A Washington Post poll conducted in August 2003 found that nearly 70% of those surveyed believed that Saddam Hussein had a role in the attacks on September 11, 2001. Congressional investigators have recently confirmed that there is no evidence of this, and on September 17 in response to a question from CNN's John King, Bush himself acknowledged that there was no evidence of Iraqi involvement in the attacks.

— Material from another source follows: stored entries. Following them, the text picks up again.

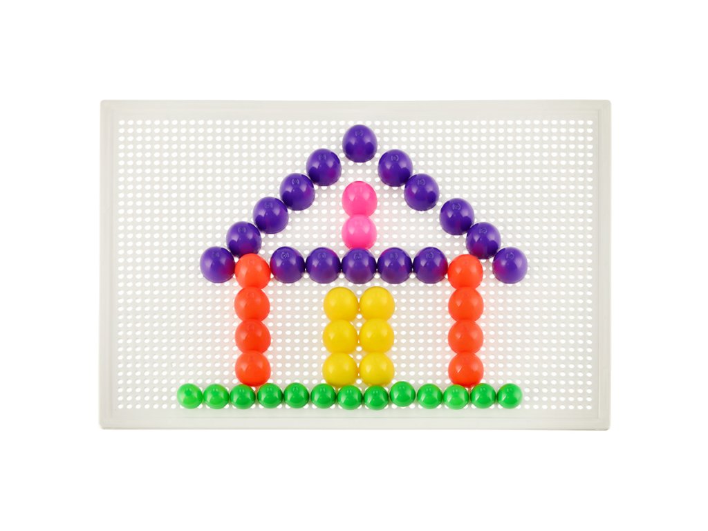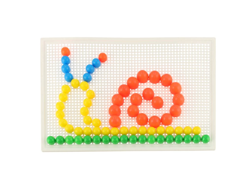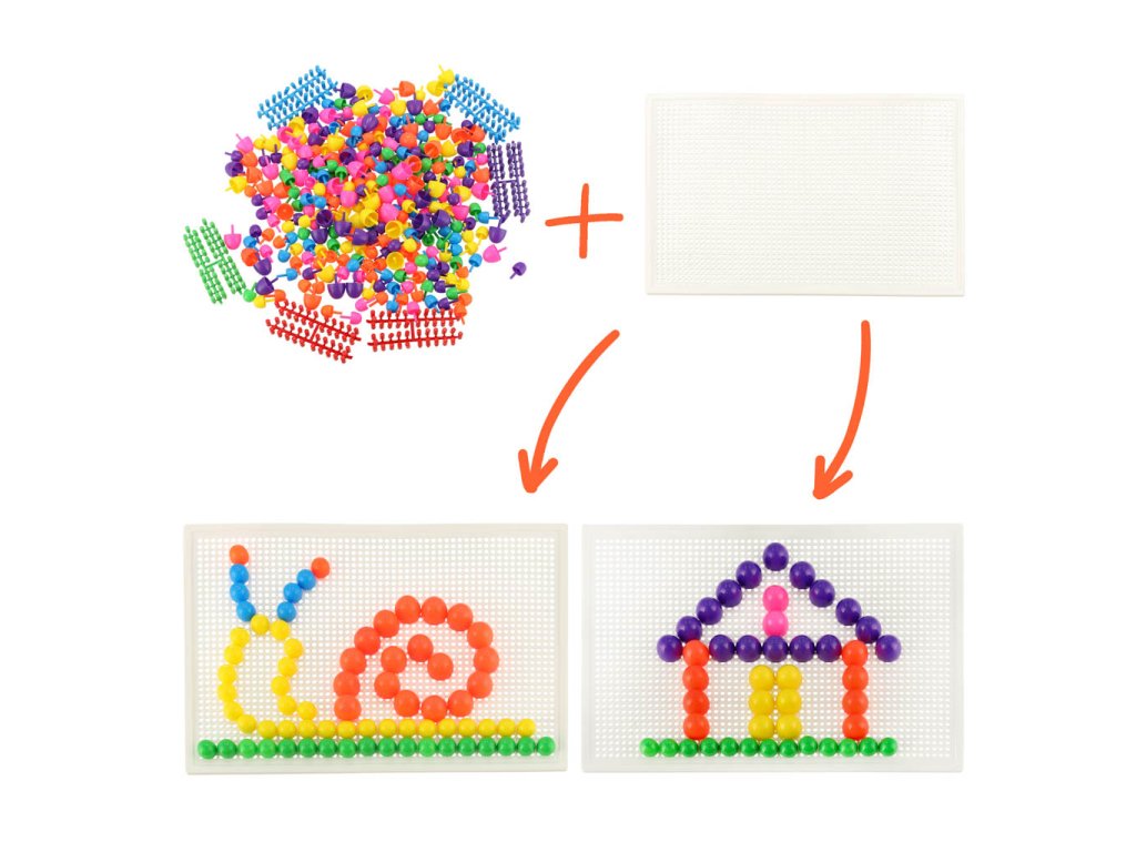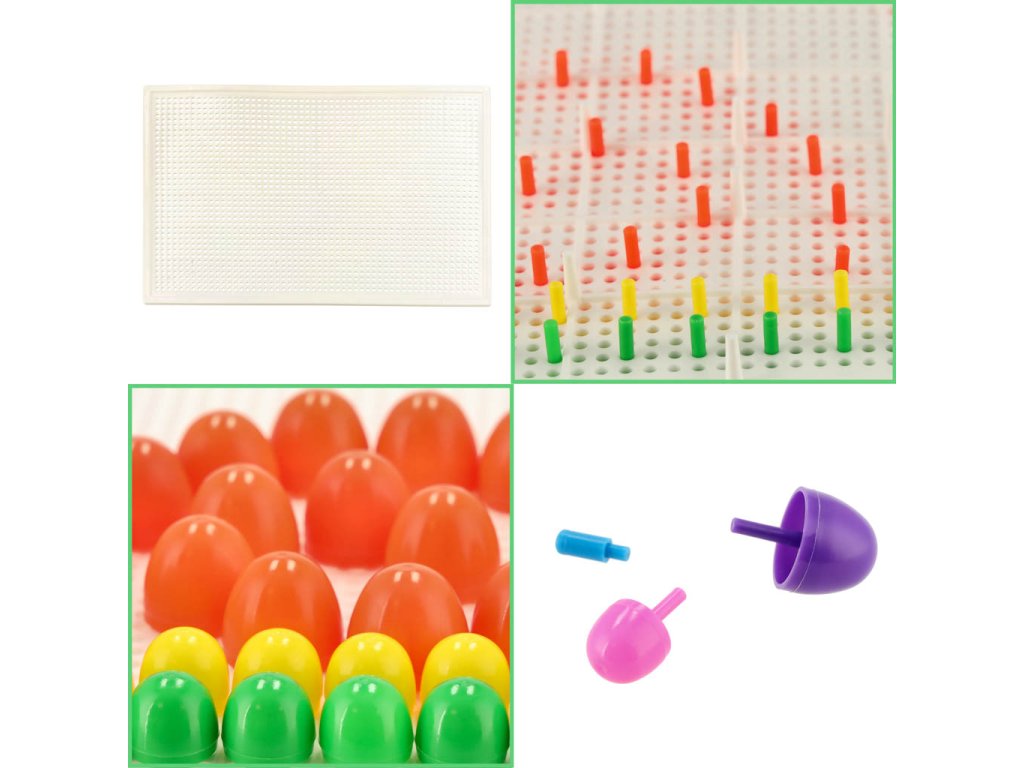 Skládá se z plastové desky s otvory (28,3 x 19,8 cm) a 600 kolíčků (v 7 barvách a 3 velikostech).
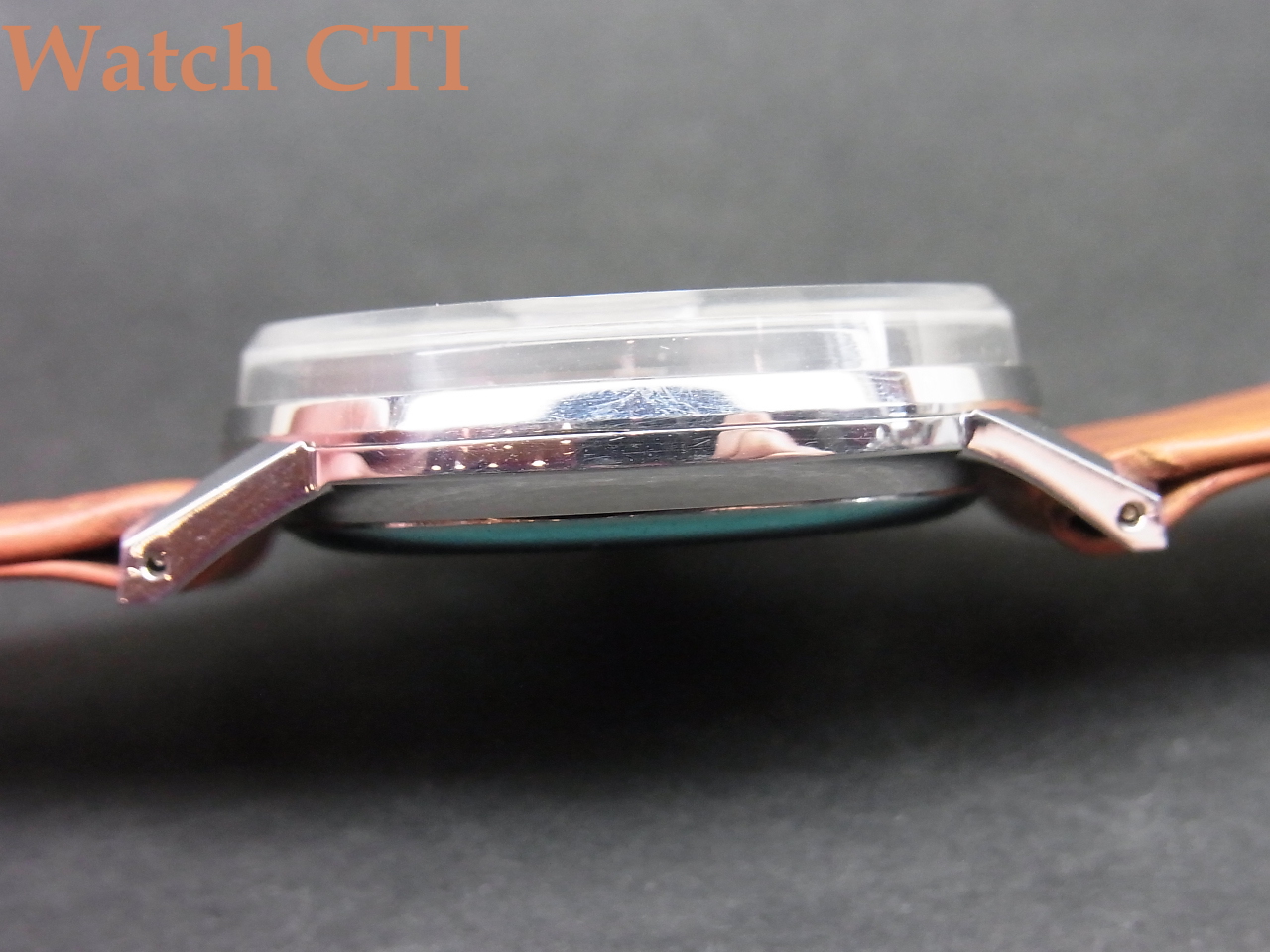 ☆ケースサイズに目いっぱい入れた文字板に対応するために、、とっても細幅なベゼルに喰いつく純正風防はシリンダーのごとく屹立してますね!!
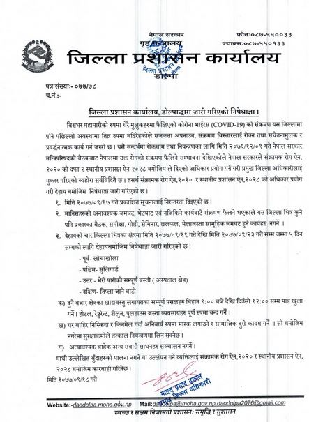 कोरोना भाइरस (कोभिड–१९) संक्रमण रोकथाम गर्न र फैलन नदिन डोल्पामा पाँच दिन लकडाउनको घोषणा गरिएको छ।
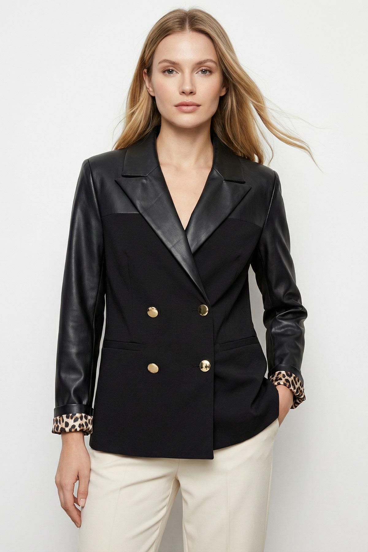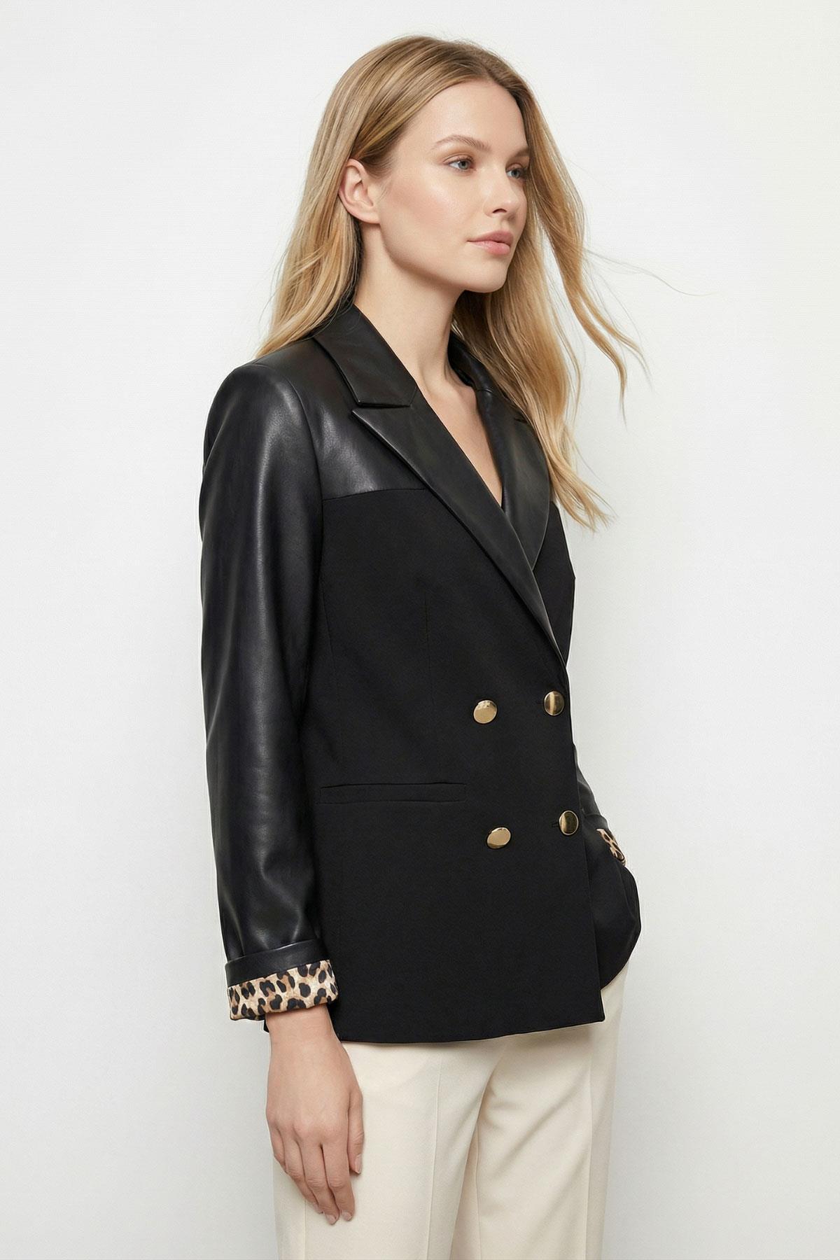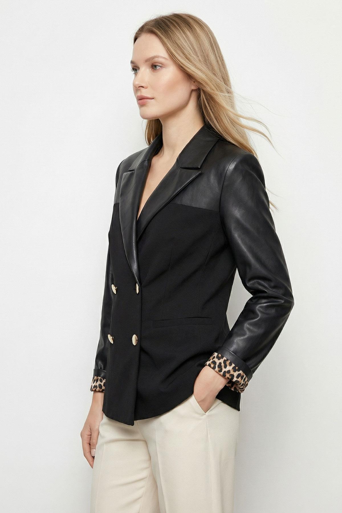 1883 Poliviskon Garnili Kruvaze Yaka Deri Ceket Siyah
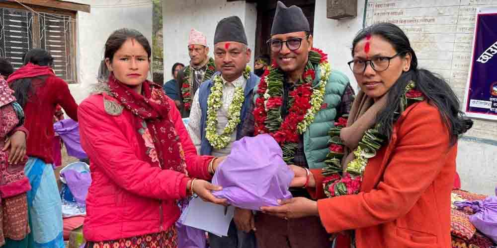 बाजुरा : बाजुराको बडीमालिका नगरपालिकाको वडा नम्बर २ र ८ वडाका चार÷चार सय किशोरी र महिलालाई स्यानिटरी प्याड र अन्य सामग्री वितरण गरिएको छ । बडीमालिका नगरपालिकाको समन्वय र मानवीय सेवामा अनेकौँ प्रयास कैलालीको सहयोगमा नगरका २ वटा वडाका किशोरी तथा महिलालाई स्यानिटरी प्याड वितरण गरिएको हो ।
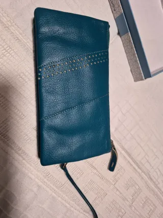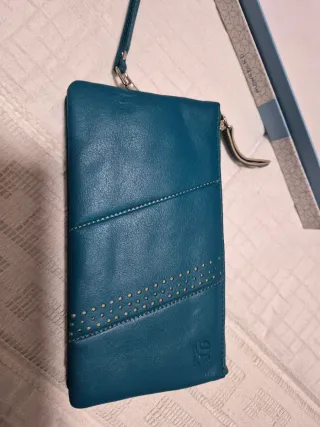 Elegante cartera de piel con un diseño moderno y detalles únicos. - Material: Piel genuina. - Color: Turquesa. - Diseño con costuras y tachuelas decorativas. - Incluye correa de mano. Pregunta lo que necesites y ven a verla sin compromiso.
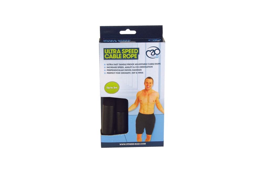 Ultrasnabbt trasselfritt kabelrep, idealiskt för double unders, crossfit, HIIT & MMA-träning för att öka snabbhet, smidighet och koordination. Långa, bekväma skumhandtag, matchade med en vinkelrät svängningskombination med en snabbjusterbar belagd stålkabel för en blixtsnabb hoppupplevelse.
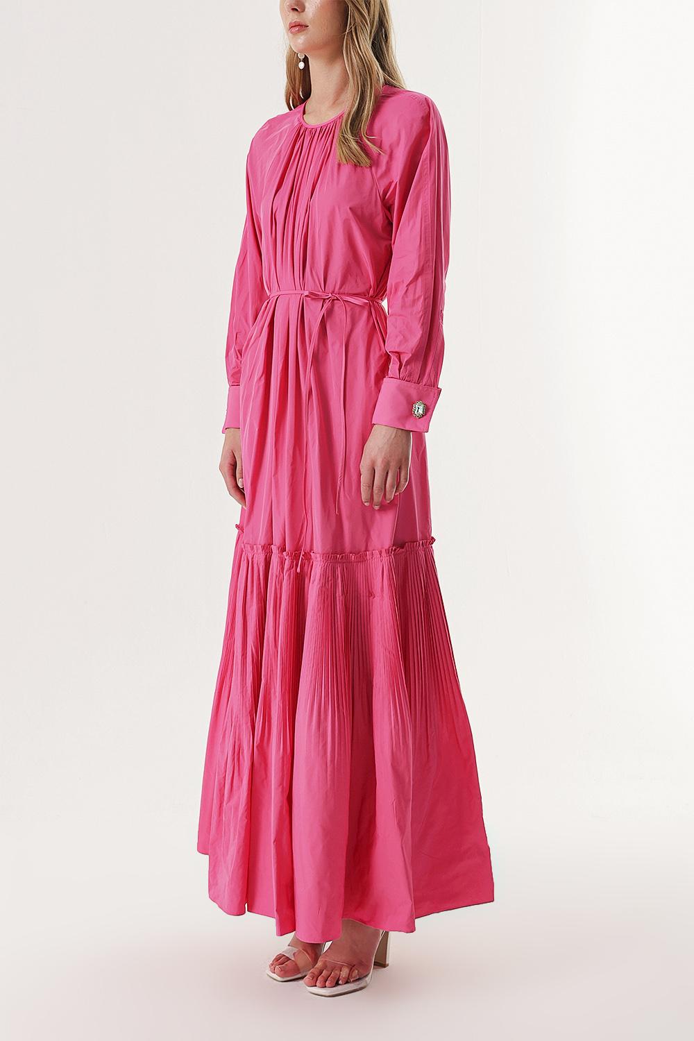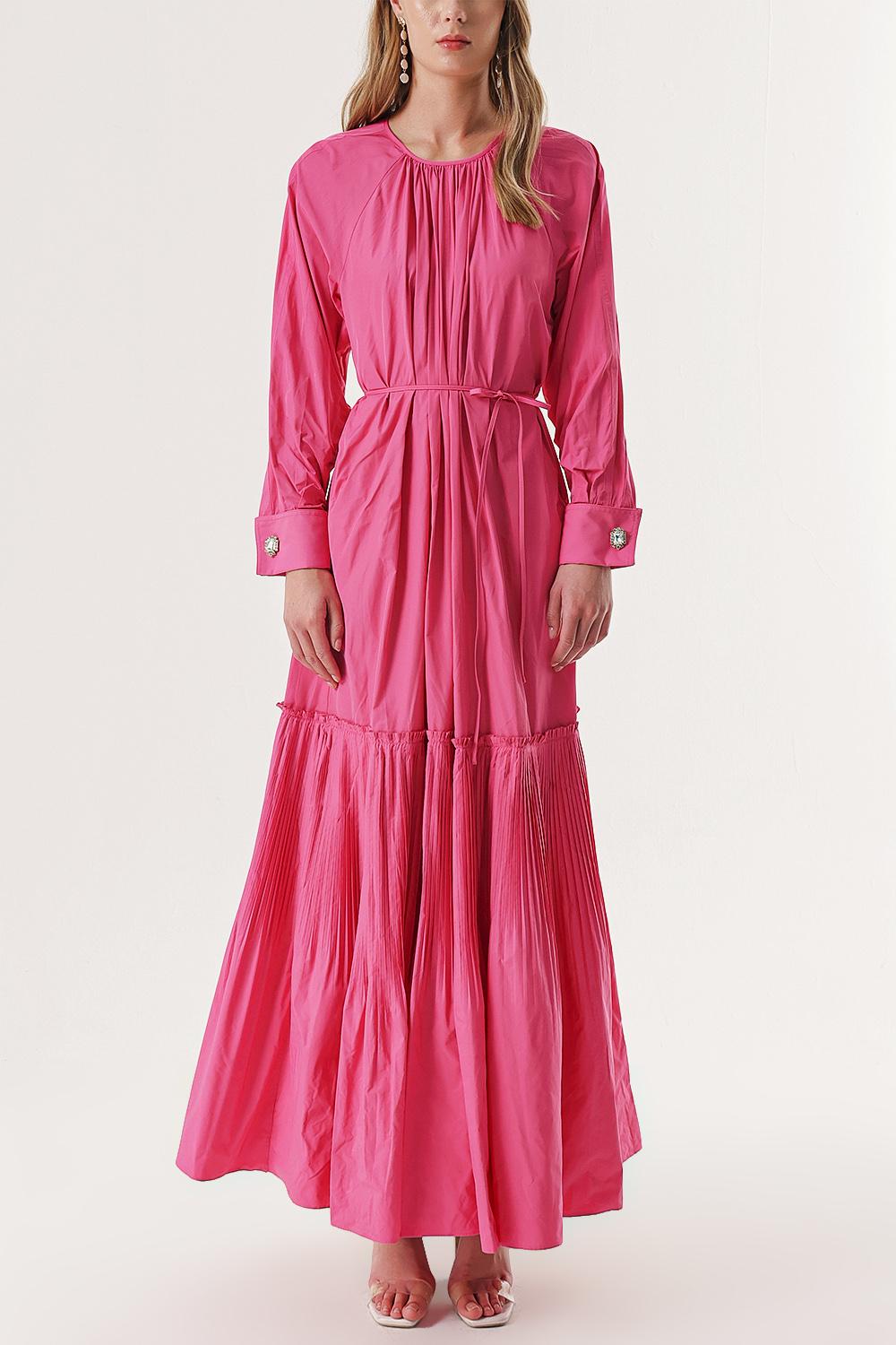 Fuşya Pilise detaylı kol düğmeli bol kesim elbise 94197

Democrats and some independent observers, however, have argued that the public perception reflects implications and suggestions by members of the administration that links existed between the Hussein regime and al-Qaeda. As we've noted previously in The Dubya Report, these insinuations persisted despite CIA Director George Tenet's admission in an October 2002 letter to Congress that the CIA's understanding of any relationship between Iraq and al-Qaeda was "evolving and is based on sources of varying reliability."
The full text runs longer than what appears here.